Pauls Footsteps #397

“Above all, clothe yourselves with love, which binds us all together in perfect harmony.” Col.3:14 NLT 

Footsteps #397. From Colossians 3:18 to 4:1 Paul gets really practical and shows the Colossians what their new humanity might look like in a first-century Roman household, which was a highly authoritarian institution where the male patriarch held the power of life and death over his wife, children, and slaves. Not so in the Christian household, Paul asserts. Here, the risen Jesus is the true Lord of the house. The wife allows her husband to become responsible for her and the husband is subject to Jesus, by loving his wife and placing her well-being above his own. In a home where Jesus is Lord, children are not objects but are called to maturity and respect. Parents are to raise their children with patience and understanding. Christians who are slaves are to honour their human masters, precisely because they are not the real master, but Jesus is. Christians who have slaves are to understand that they are not their property, but rather a fellow member of Jesus’ body, to be honoured and embraced in love. 

Paul is walking a very fine line here. He is reshaping the most basic Roman institution, the Roman household, around Jesus who rules by His self-giving love. So while he doesn’t abolish the household structure outright, the exalted Messiah demands that it be transformed almost beyond the point of recognition for any Roman living in Colossae. You can see this most clearly in the conclusion of the letter (4:2-18). After a request for prayer, Paul applies these instructions about Christian slaves and masters. We discover that Tychicus is the one carrying and reading this letter to the Colossians and he is accompanied by a certain Onesimus, who was a former slave to a Colossian Christian named Philemon. 

We discover from another short letter addressed to Philemon, that Onesimus had escaped from his master. This was a crime worthy of imprisonment, but Paul asks the whole church to greet Onesimus as a faithful and beloved brother (v16).
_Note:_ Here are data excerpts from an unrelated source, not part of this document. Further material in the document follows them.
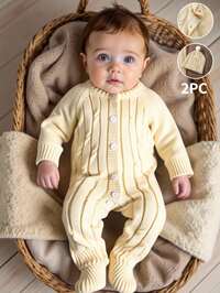 BebeiluSHEIN Newborn Baby Boy/Girl Toddler Fall/Winter Clothes Outfits: Green Knitted Rompers, Overalls, Sweaters, Comfortable, Versatile, Fashionable, Cute, Retro, Classic, Simple Design Basics, Suitable For Indoor, Outdoor, Skiing, Daily Wear, Sports, Play, Party, Photo Shoots, Holidays Baby Boy Knit Romper Knitted Baby Boy Outfit Newborn Baby Layette Set #4 Bestseller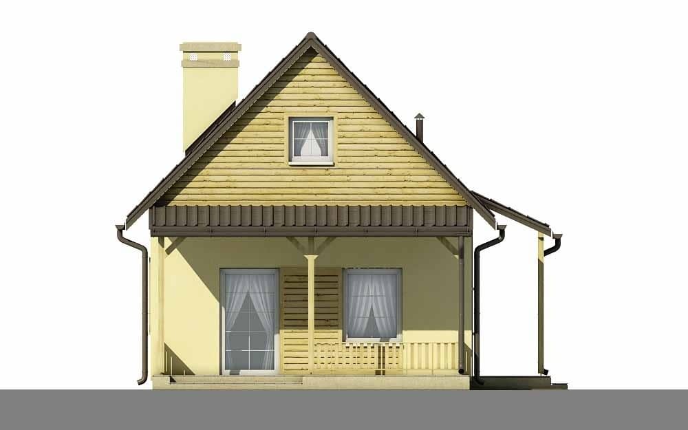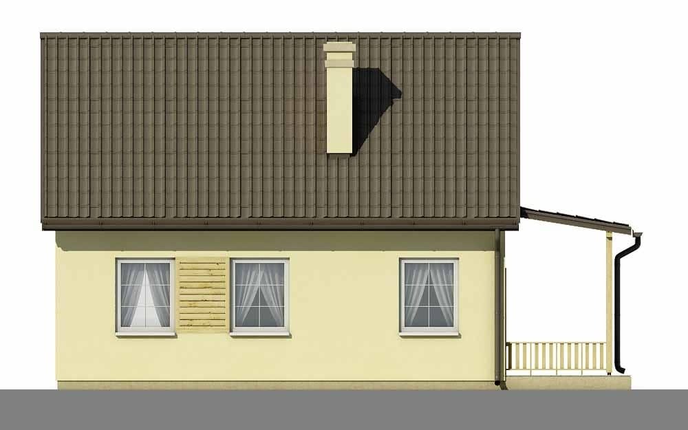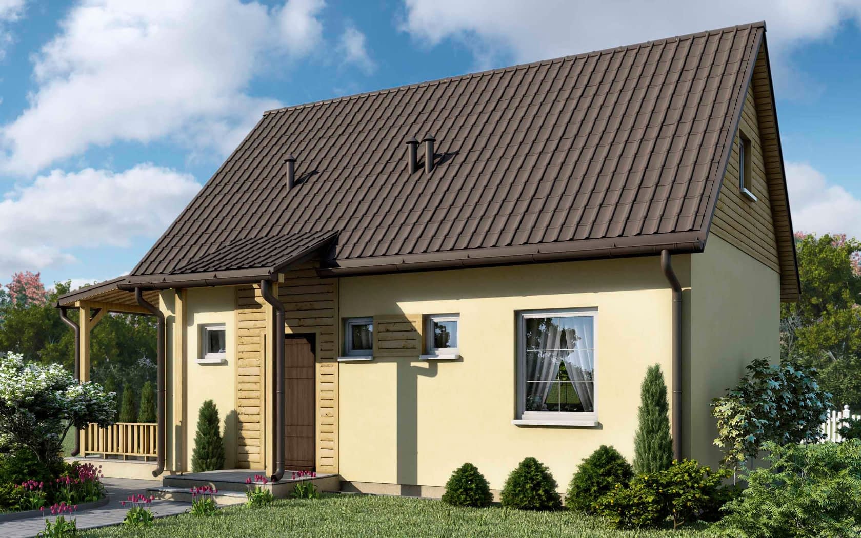 Prezentowany dom jest jednym z najtańszych w budowie i eksploatacji. Mały dom o minimalnym programie dla czteroosobowej rodziny. Może też pełnić funkcję wygodnego domu letniego. Czytelny i wygodny podział na część dzienną i nocną. Wygodny układ pokoju dziennego połączonego z aneksem kuchennym i mającym wyjście na duży zadaszony taras. Dodatkowe duże poddasze nieużytkowe dostępne przez zsuwane schody daje możliwość adaptacji na cele mieszkalne. Zminimalizowane powierzchnie komunikacyjne dopełniają pełną wygodę i funkcjonalność zawartą w niezbędnej przestrzeni. Możliwe jest oddzielenie kuchni od pokoju dziennego. Od strony sypialni możliwa jest dobudowa garażu lub wiaty na samochód. Możliwe jest ogrzewanie domu kominkiem w oparciu o system kanałów rozprowadzających ciepłe powietrze i centrali rozdzielczej.Konstrukcja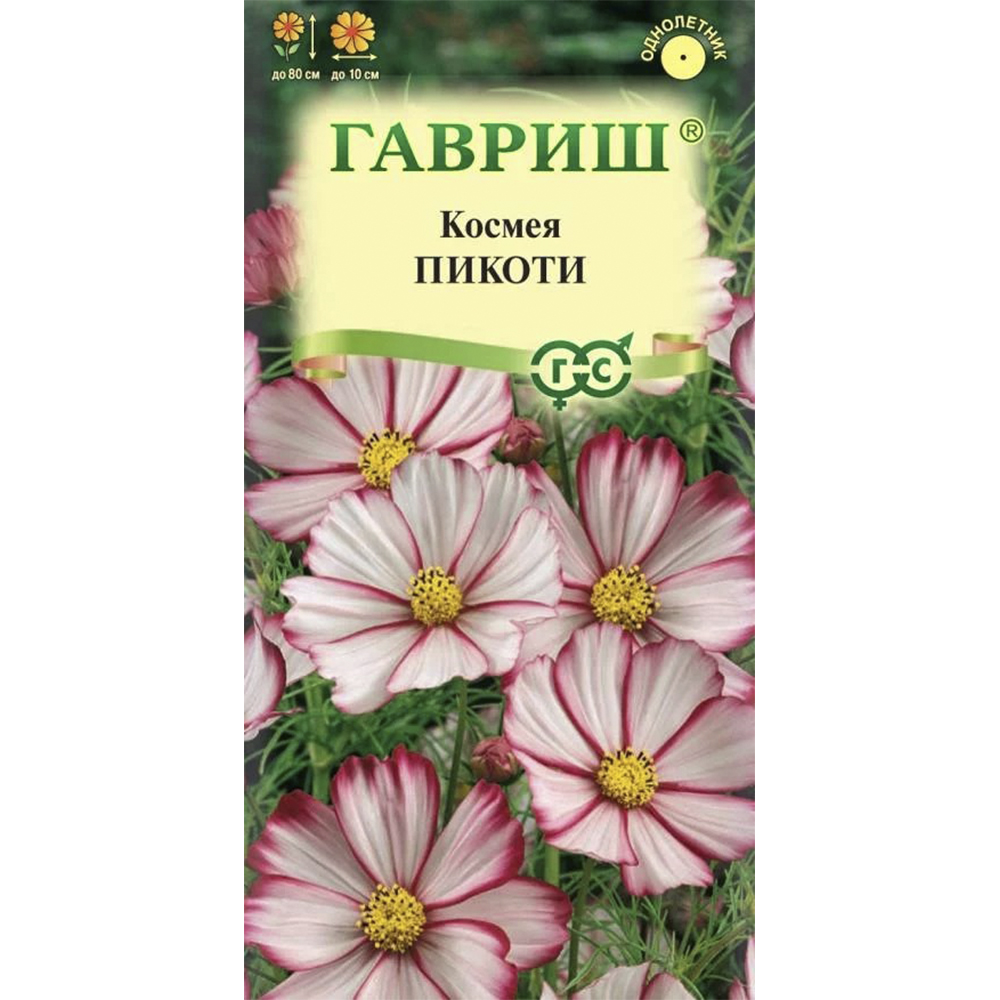 Роскошное однолетнее растение из семейства Астровые, высотой до 80 см. Пышный куст с ажурными листьями покрывают белые цветки, диаметром 10 см, с эффектной карминно-красной каймой по краю лепестков. Цветет обильно с июля до заморозков. Космея холодостойка и светолюбива, относительно засухоустойчива. К почвам нетребовательна, предпочитает рыхлые, умеренно плодородные почвы. Выращивают прямым посевом в грунт в конце апреля-начале мая, либо под зиму. Используется для посадки на клумбах, в миксбордерах для декорирования оград и стен зданий, высаживают в качестве заднего фона бордюра. Успешно распространяется самосевом.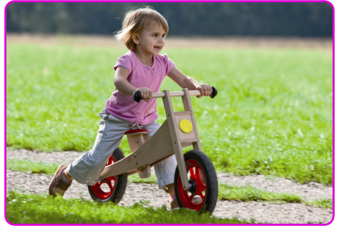 A fa futóbicikli tehát úgy alkalmazkodik a kisgyerekek fejlettségi szintjéhez, hogy közben az egyensúlyozást és a két keréken manőverezést is készséggé teszi; így készíti elő a terepet az „igazi” kerekezéshez.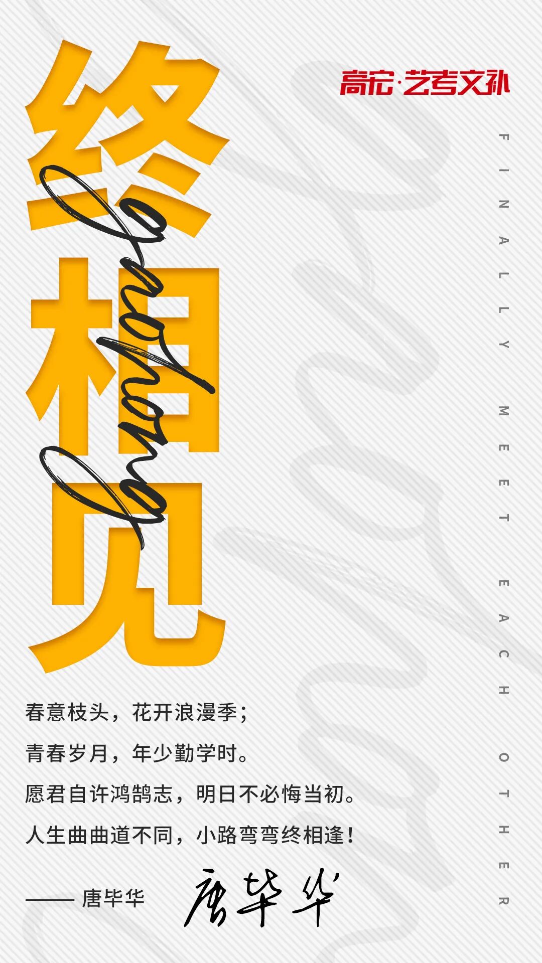 首先欢迎即将步入高宏的孩子们,祝你们现在的体考能取得理想成绩,咱们艺考生也能得到自己想要的成绩。对于你们的到来,我觉得这样一句话非常的适合你们:那么你们面对的是高考这个大关,那么我希望你们能够一腔热血战高考,满腹经纶写人生。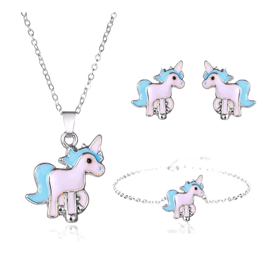 Unicorn Jewelry For Girls 4PC Set Of Necklace, Bracelet And Earrings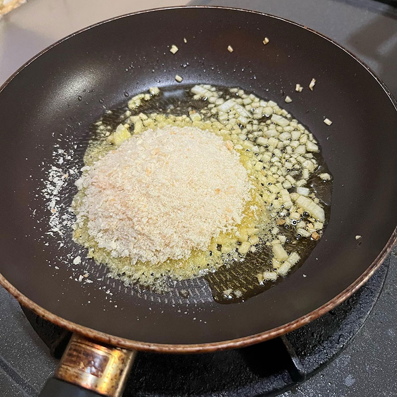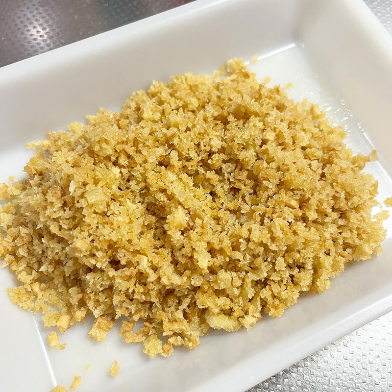 にんにくパン粉作った。小さな新玉ねぎのスープを大量に仕込んだので味変用のふりかけ。これ、パスタやサラダにかけてもすごく美味しい。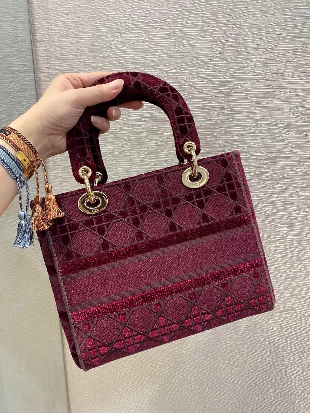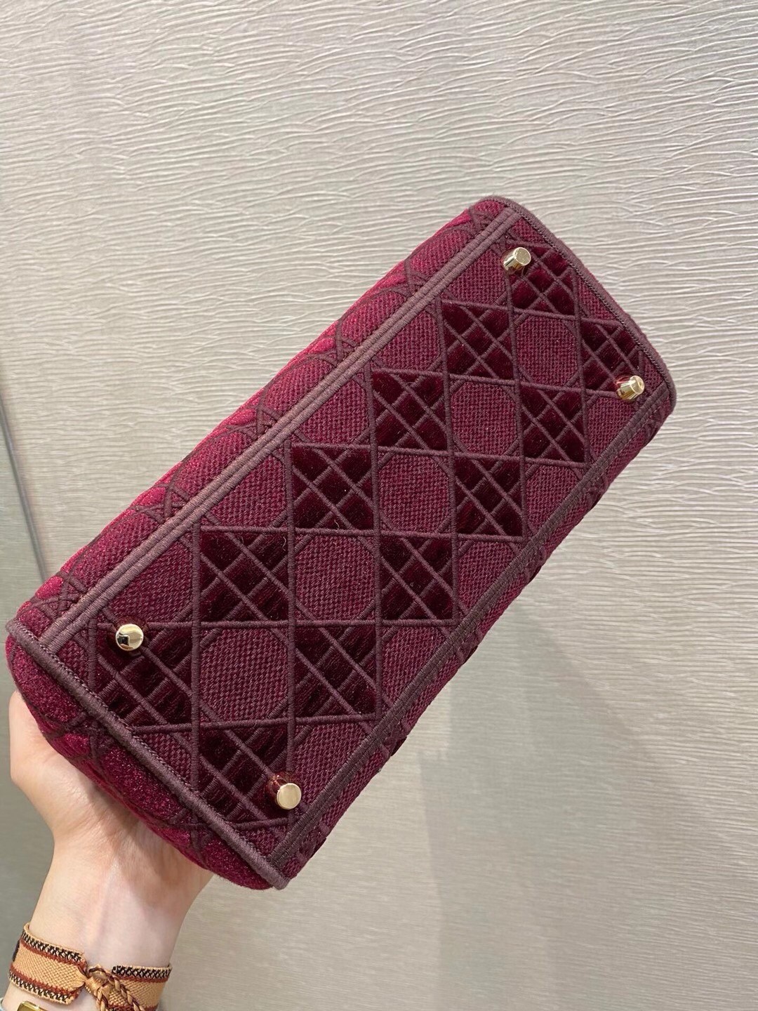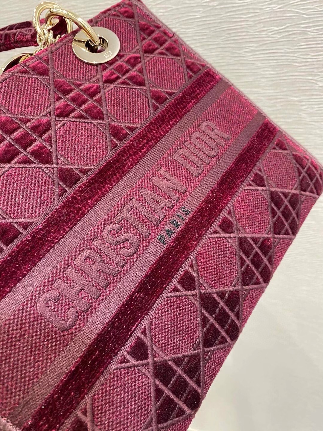 Dior Medium Lady D-Lite Bag In Bordeaux Embroidered Velvet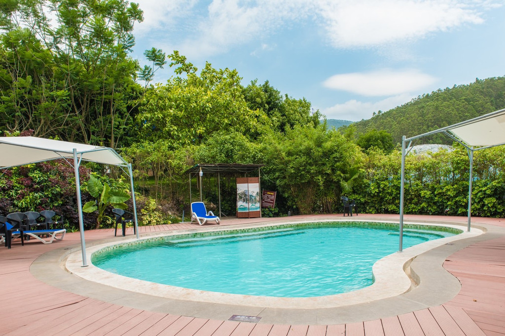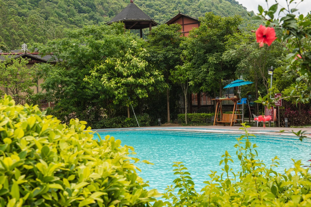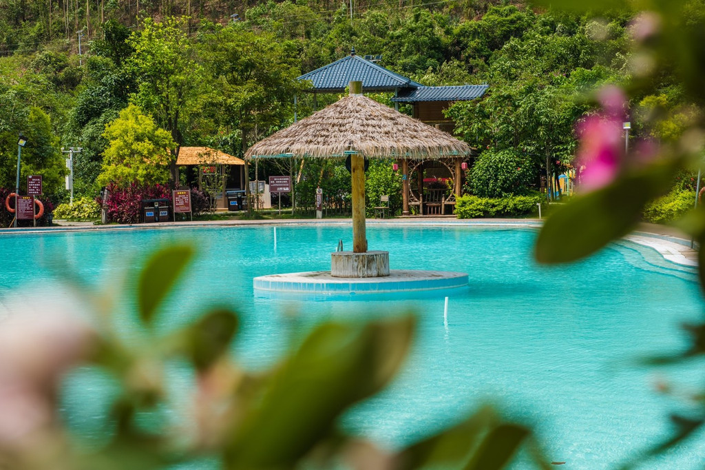 温泉与泳池之间错落有致,一条溪水蜿蜒而过,形成小桥流水亭台楼阁的雅致景观,别有诗情画意,整个设计布局独具匠心,与自然环境和谐融合,赏心悦目,美不胜收,不论是情侣,朋友,亲子还是老人都很适合来到这里休闲养生。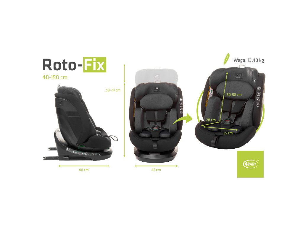 Autosedačka Roto-fix je integrovaná do 360 ° otočnej základne vybavenej systémom Isofix a popruhom Top Tether, vďaka čomu sa veľmi ľahko a rýchlo inštaluje a používa. Autosedačku Roto-fix je možné inštalovať proti smeru jazdy (RWF) až do výšky 105 cm (cca 4 roky), pričom bezpečnú a pohodlnú jazdu zaručuje 5polohové nastavenie sedadla v rozsahu 132-145 °. Cestovanie v smere jazdy je možné od 76 do 150 cm s 5-polohovým nastavením od 108° do 121°.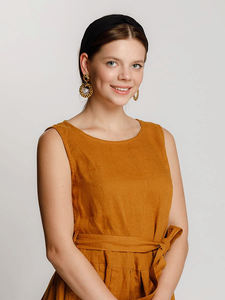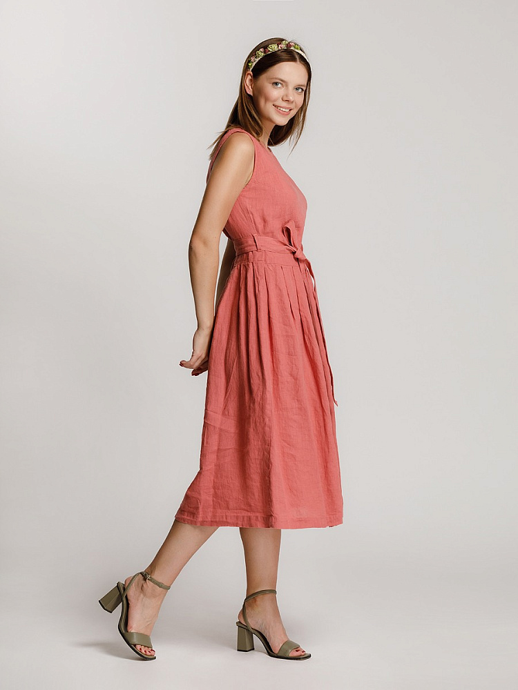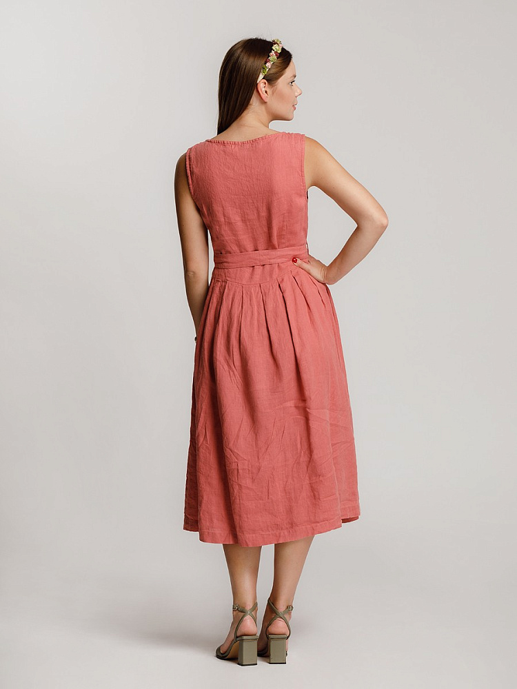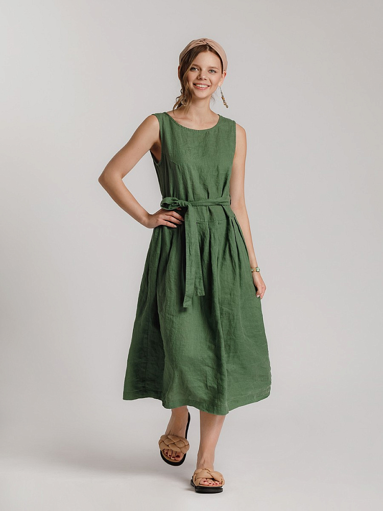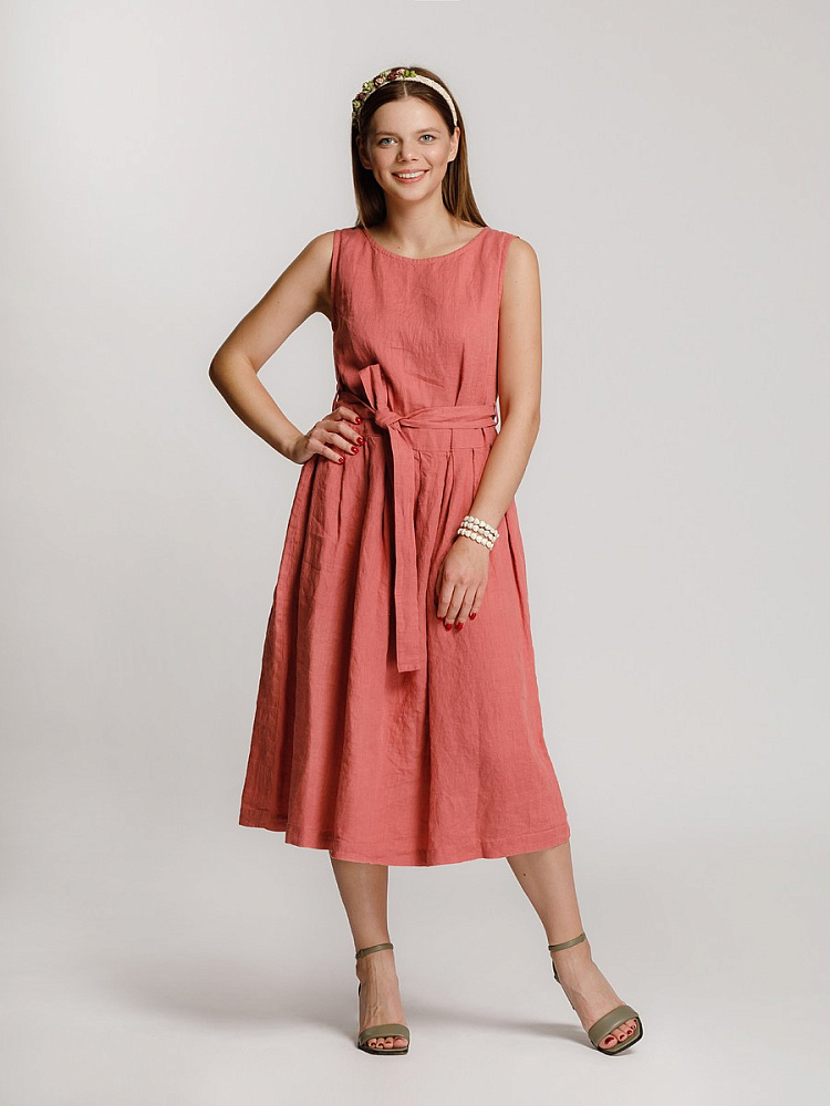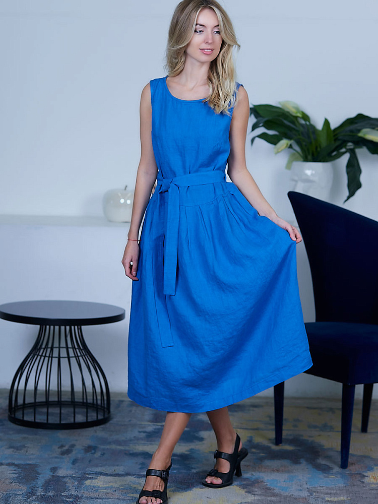 О представленной модели сарафана можно сказать – « не прост как кажется»! Его минималистические черты скрывают в себе роскошь натурального льна и самобытность форм. Несмотря на полуприлегающий силуэт, который не подразумевает акцент на талии, в данной модели она ярко подчёркнута поясом – кушаком и глубокими складками на юбке. Длинна миди, которой обладает сарафан – универсальна и подходит большинству девушек и женщин. Эта длина способна скорректировать пропорции фигуры практически до идеальных. Дух минимализма демонстрирует лиф. Его простой крой и лаконичный дизайн подчёркивает естественную красоту женщины. Плавная линия плеча и изгибы шеи великолепны на фоне жатой текстуры льна. Данный сарафан можно сочетать с любыми видами обуви, сумок и аксессуарами, которые можно подобрать в зависимости от ваших вкусовых предпочтений и функциональной направленности изделия.
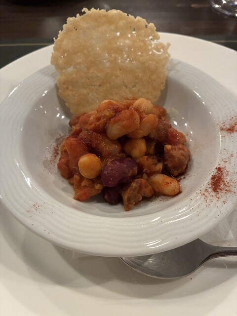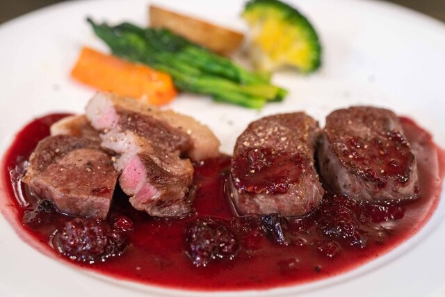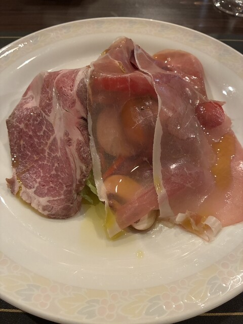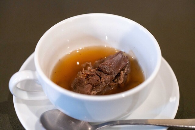 803文字★ ・ジビエ尽くしのコース(9,800円、内税)滞在時間:約1時間40分 1.国産飼育キジと千葉産鹿とフォアグラを鶏肉のムースでつないだテリーヌ 飼育ウサギのリエット サラダ添え 2.パン(カンパーニュ、バゲット、バター) 3.千葉産イノシシのバラ肉コンフィとフォアグラのソ... 詳細を見る

Talk about ending the letter with a cultural punch! 

So in the letter to the Colossians, Paul is inviting us to see that no part of human existence remains untouched by the loving and liberating rule of the risen Jesus. Our suffering, our temptations to compromise, our moral character, the power dynamics in our homes – all of it must be re-examined and transformed. We are invited to live in the present as if the new creation really arrived when Jesus rose from the dead.